Putting new urban villages near recent transit investments (as Alternatives 3 and 4 do) is a good thing. More people should be able to enjoy the benefits of those investments. The problem is only putting new urban villages in those locations. On its own, proximity to recent transit investments (light rail and RapidRide) is a flawed framework because it concentrates growth in those most vulnerable communities while preventing low-density wealthy neighborhoods from ever developing the neighborhood centers that can support walking, biking and transit. So what would be a better framework?
A Not So New Framework for Adding Urban Villages
A better approach would supplement Alternative 4 by ensuring every part of the city is within walking distance of an urban village. Everyone should have a neighborhood business district they can walk to–a dense, mixed-use place with street life, stores, and restaurants. Every part of the city should be within walking distance of low cost housing types like rowhouses and small apartment buildings to foster economic diversity. Every part of the city should be within walking distance of a neighborhood business district with jobs so at least some people can walk to work. Every part of the city should be within walking distance of a growing neighborhood center that can support great transit service. Adding urban villages in these new areas relieves pressure on the working class urban villages, makes our wealthy neighborhoods more accessible, and provides the environmental benefits of more walkable, transit supportive communities.
This approach is essentially the Urban Village strategy Seattle created in 1994. Most of the city is within walking distance of an urban village—we just left out a few places. Now let’s add them back in. Welcome to Alternative 5 (trumpets play).
What were the most egregious omissions in 1994? That would be almost all of Northeast Seattle, along with Magnolia and Madison Park. The graphic below shows the ½ mile walksheds—as the crow flies—for the existing urban villages alongside the displacement index map from the City’s equity analysis. These three areas circled in orange—Northeast Seattle, Magnolia, and Madison Park—pop out on both maps as being outside the urban village walksheds and having very low displacement risk.

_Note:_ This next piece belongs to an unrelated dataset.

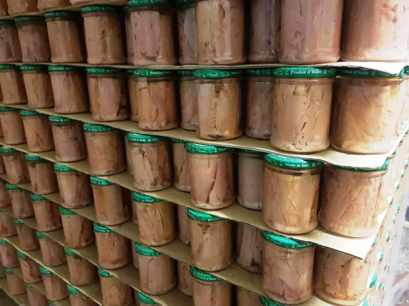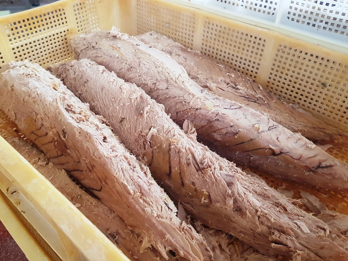 Visitando l’azienda a Pellezzano, subito alle spalle di Salerno, si viene colpiti dal profumo di pesce appena bollito, assistiamo infatti alla lavorazione del tonno. Tutto è fatto a mano, dalla rifilatura dei filetti alla loro pulizia, e ovviamente l’invasamento, sia delle parti più nobili che dei ritagli, che finiranno nelle scatolette di latta. Troveremo i loro prodotti nella grande distribuzione anche con il marchio Sapori di Mare.

There are a few other areas in red on the periphery of the city (and Delridge), but these three areas stand out for their size and proximity to downtown. Magnolia and Madison Park would appear larger on a more precise walkshed map because they are separated from the nearest urban villages by steep hills, bodies of water, train tracks (for Magnolia), and gated communities (for Madison Park). All three areas are significantly wealthier and whiter than the city as a whole and generally have less diversity in housing types (except Madison Park) as shown in the table below.

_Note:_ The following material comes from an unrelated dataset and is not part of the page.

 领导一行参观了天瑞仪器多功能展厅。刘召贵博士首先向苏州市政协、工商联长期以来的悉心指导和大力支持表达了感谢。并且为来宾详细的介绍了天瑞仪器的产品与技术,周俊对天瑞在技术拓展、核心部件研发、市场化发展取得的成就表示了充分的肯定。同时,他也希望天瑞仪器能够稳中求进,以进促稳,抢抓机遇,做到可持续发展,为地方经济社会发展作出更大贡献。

Let’s start with Northeast Seattle, the biggest of the three areas, spanning the neighborhoods of Bryant, Wedgwood, Laurelhurst, Windermere, View Ridge, and Sand Point. From the University District to Lake City, there are no urban villages to the east. As shown above, these neighborhoods together are home to over 36,000 people. It’s an exclusive area with median household income at $100,129 (compared to $65,277 citywide) and a racial make up of 80% white (compared to 67% citywide). About 20% of the households make over $200,000 a year, and in Laurelhurst, that number rises to 34%. Explaining this disparity (and thanks to the lack of an urban village) single-family, detached homes make up 76% of the housing units compared to 45% citywide. Despite the low densities and lack of frequent transit service, only 58% of residents drive alone to work compared to 52% for city as a whole. This indicates that the biggest alternative transportation challenge is for trips like shopping and meeting up with friends, the kind of trips that could be helped more by a better neighborhood business district than by increased transit service.

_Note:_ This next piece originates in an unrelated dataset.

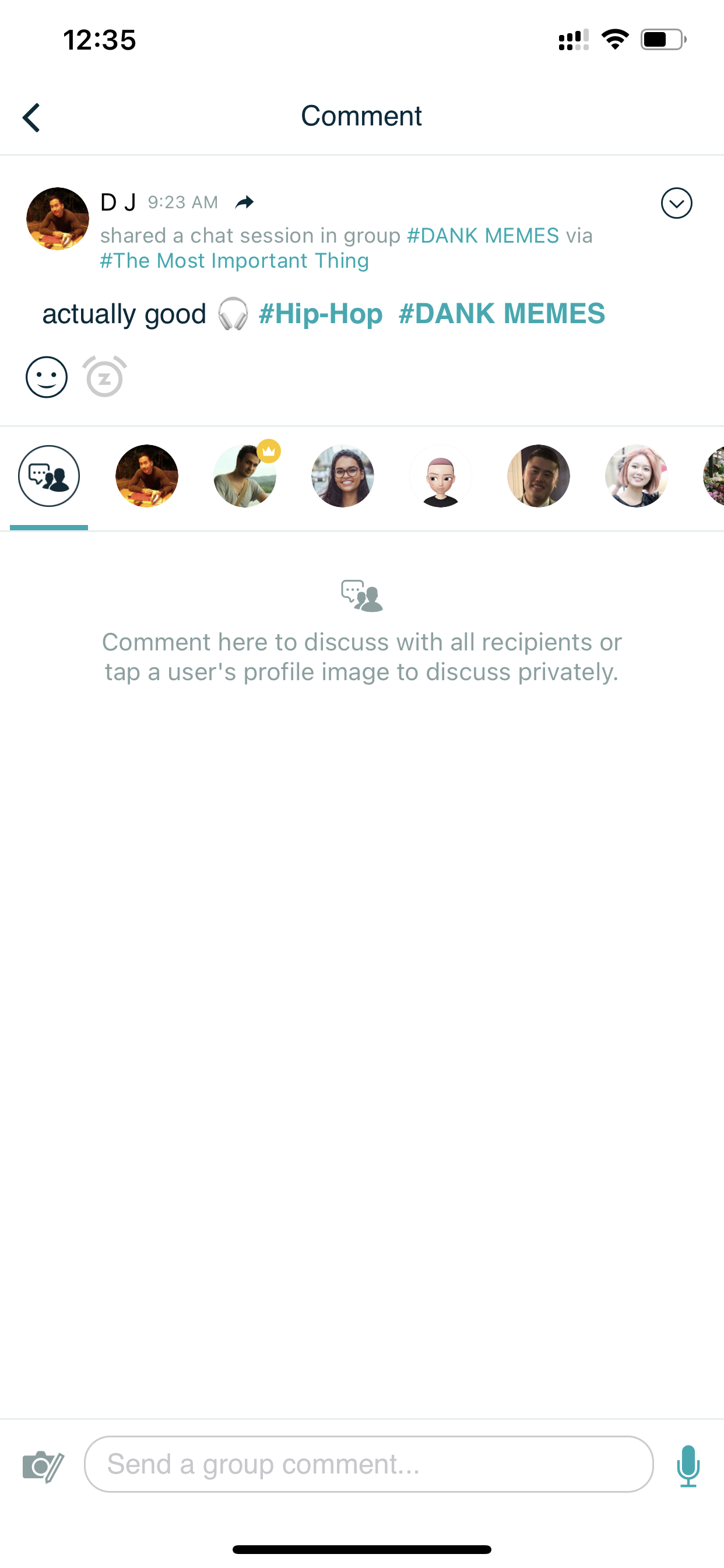 Comment here to discuss with all recipients or tap a user's profile image to discuss privately.

Is there a good place to locate an urban village in Northeast Seattle? Yes! Two good candidates stand out.
The most obvious is 35th Ave NE from about NE 65th St to NE 95th St (right by my childhood elementary school). While this central strip through Wedgwood remains very auto-oriented, it has good street grid bones and a host of destinations from the northeast library, to major grocery stores, houses of worship, and a smattering of other shops and places to eat mixed in with trees, surface parking lots, and tiny houses. Eckstein Middle School is right there, too. 35th Ave NE and NE 65th St may even soon become a high frequency transit node as part of Metro’s University Link restructure. Such a long, skinny Urban Village would not be unprecedented. The Phinney Ridge-Greenwood Urban Village similarly follows Phinney and Greenwood Avenues from 65th to 90th Streets.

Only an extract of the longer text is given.